Liat Atzili, qui a été prise en otage au kibboutz Nir Oz le 7 octobre et qui a perdu son mari Aviv Atzili ce jour-là, a également pris la parole lors de la cérémonie. « Le octobre, mon monde s’est effondré. Les points d’ancrage de ma vie ont été arrachés, l’un après l’autre », a-t-elle déclaré.
« Je suis une enseignante, mais plus que cela, je suis une étudiante à vie. L’intellect est mon mécanisme de survie, mon outil de recherche de la vérité et de compréhension du monde. Je trouve la vérité et le réconfort dans les mots du rabbin Daniel Epstein, tirés du film « The Absent God », sur la philosophie d’Emmanuel Levinas : « De même que je ne façonne pas l’autre selon ma volonté, je ne le changerai pas non plus.
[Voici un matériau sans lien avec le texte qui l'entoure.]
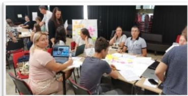
Foto 2. Activități de formare privind implementarea Programului „Școala digitală”, Caduc Aliona Masa rotundă – administrația, elevi, Chișinău, 24 iunie, 2022.
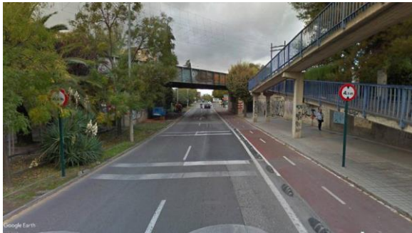
Imagen A: Avenida de Andalucía. (53)
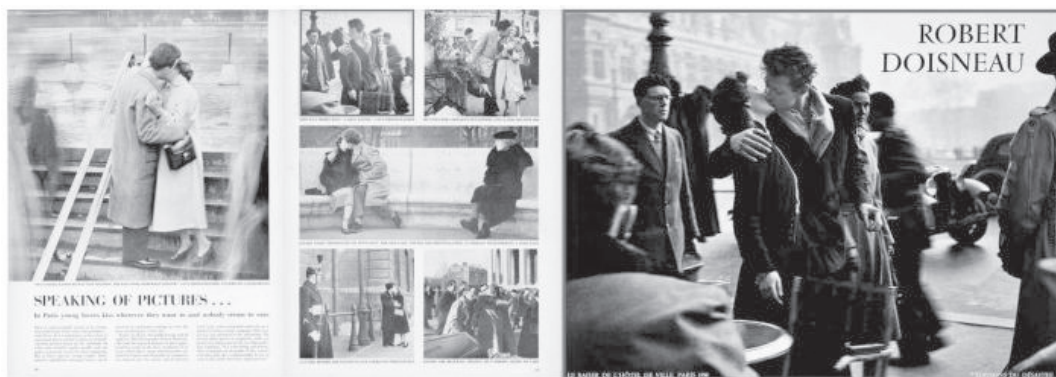
Doisneau, "Le Baiser", première publication dans Life , 1950; poster, 1986.

in André Gunther, Les icônes du photojournalisme, ou la narration visuelle inavouable - http://culturevisuelle.org/icones/2609
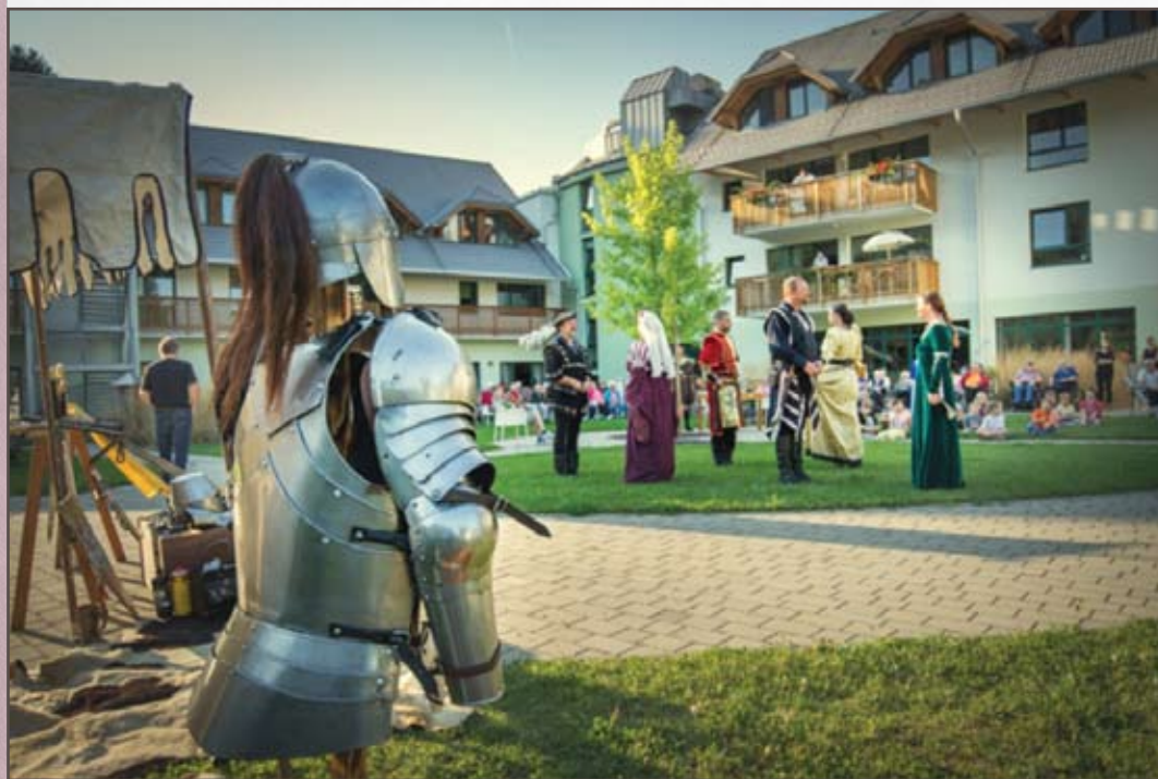
Vitezi v Viharniku.
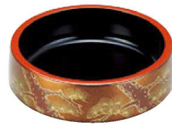
⑰ A D.X6寸桶 梨地赤松内黒 1-467-8 ¥1,200 (18φ×5.5・内寸16.2φ×4.2) 梱60
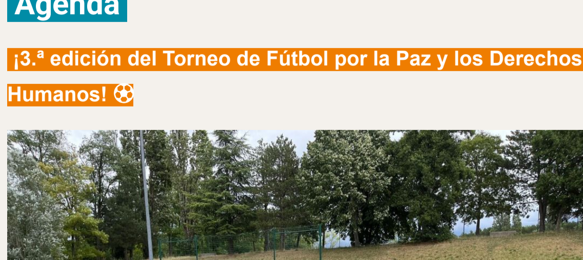
Los y las participantes en la segunda edición del Torneo, en Dijon (Francia)

Mientras la FIFA organiza su Copa del Mundo 2026 al otro lado del Atlántico, ¡Emaús Europa organiza la suya! ¡Y tiene mucho más que ofrecer que un simple trofeo! ¡Nos vemos en Srebrenica (Bosnia-Herzegovina) del 5 al 8 de julio de 2026 para celebrar la 3.ª edición del Torneo de fútbol de Emaús Europa por la Paz y los Derechos Humanos!
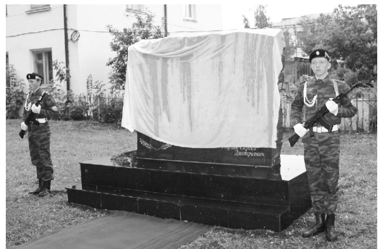
* Открытие обелиска воинам-интернационалистам и участникам локальных конфликтов.
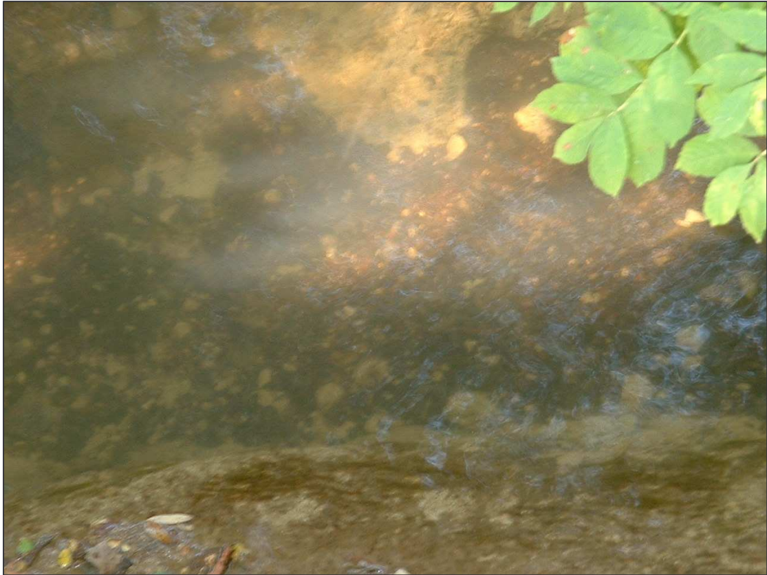
Substrat disparu, la rivière coule sur la roche mère.
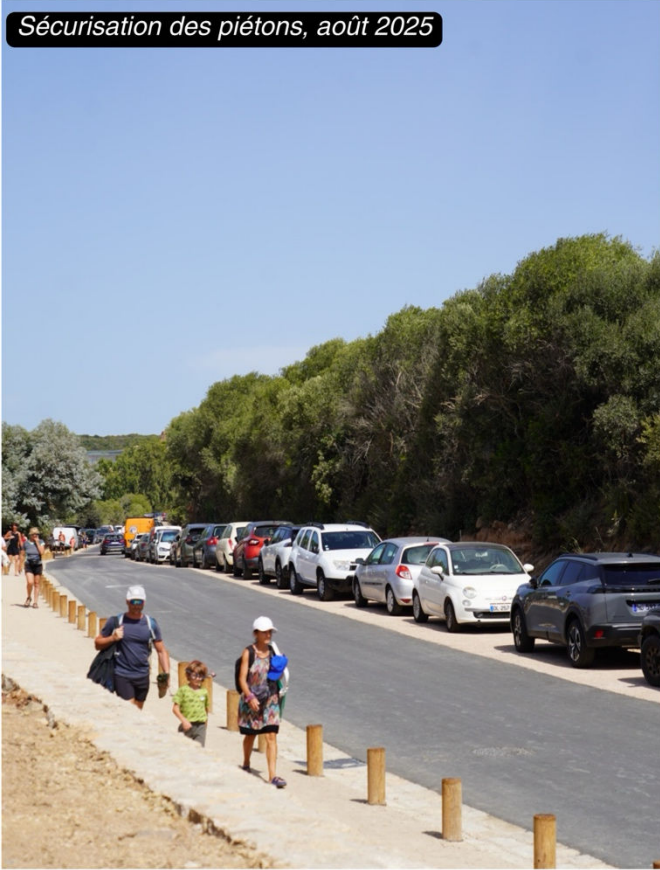
Sécurisation des piétons, août 2025
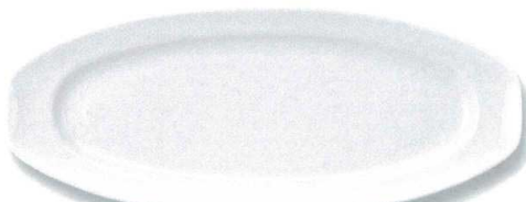
494-202-8 5,900円 白55cmサーモンプレート(54.5×22×3.8) 560420208
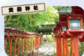
水の神を祀る貴船神社は縁結びのご利益も、夏には七夕の笹飾りが境内を彩りライトアップされます。

観光に便利なレンタサイクルも! 「夏の関西1デイパス」ご利用当日の1回に限り、レンタサイクル駅リンクくんが利用できます。詳しくは裏面をご覧ください。
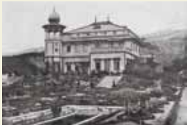
二楽荘本館と庭園

西本願寺第22世宗主、大谷光瑞師によって六甲山麓に建てられた二楽荘は、インドのタージ・マハル廟を模し、本邦無二の珍建物と称された。気象観測や大谷探検隊の調査研究なども行われた二楽荘の歴史的意義を探る。

Mais peut-être qu’en changeant mon point de vue, je peux faire ressortir le bien qui doit déjà exister en lui, parce qu’il est humain, comme moi ».
Une version de cet article a d’abord été publiée en hébreu sur Local Call. Lisez-le ici .
+972 Magazine, 29 avril 2025
https://www.972mag.com/20th-joint-memorial-day-ceremony/
Traduit avec DeepL.com (version gratuite)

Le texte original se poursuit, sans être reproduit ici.